## Input

╭──

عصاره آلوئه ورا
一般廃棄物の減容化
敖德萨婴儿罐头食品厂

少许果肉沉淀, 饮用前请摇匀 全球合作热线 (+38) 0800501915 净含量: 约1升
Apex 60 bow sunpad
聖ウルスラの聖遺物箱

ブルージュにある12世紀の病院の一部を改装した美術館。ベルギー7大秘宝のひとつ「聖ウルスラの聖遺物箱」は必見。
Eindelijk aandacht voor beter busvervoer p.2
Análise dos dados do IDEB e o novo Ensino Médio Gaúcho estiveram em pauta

╰──
╭──

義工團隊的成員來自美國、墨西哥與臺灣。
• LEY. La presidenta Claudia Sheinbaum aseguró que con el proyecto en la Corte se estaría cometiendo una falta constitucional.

╰──

## Problem to solve
Copy only this part of the entries above: the line with "Eindelijk aandacht voor beter busvervoer p.2", the line with "Análise dos dados", and the lines between, all exactly as written.

## Response area
Eindelijk aandacht voor beter busvervoer p.2
Análise dos dados do IDEB e o novo Ensino Médio Gaúcho estiveram em pauta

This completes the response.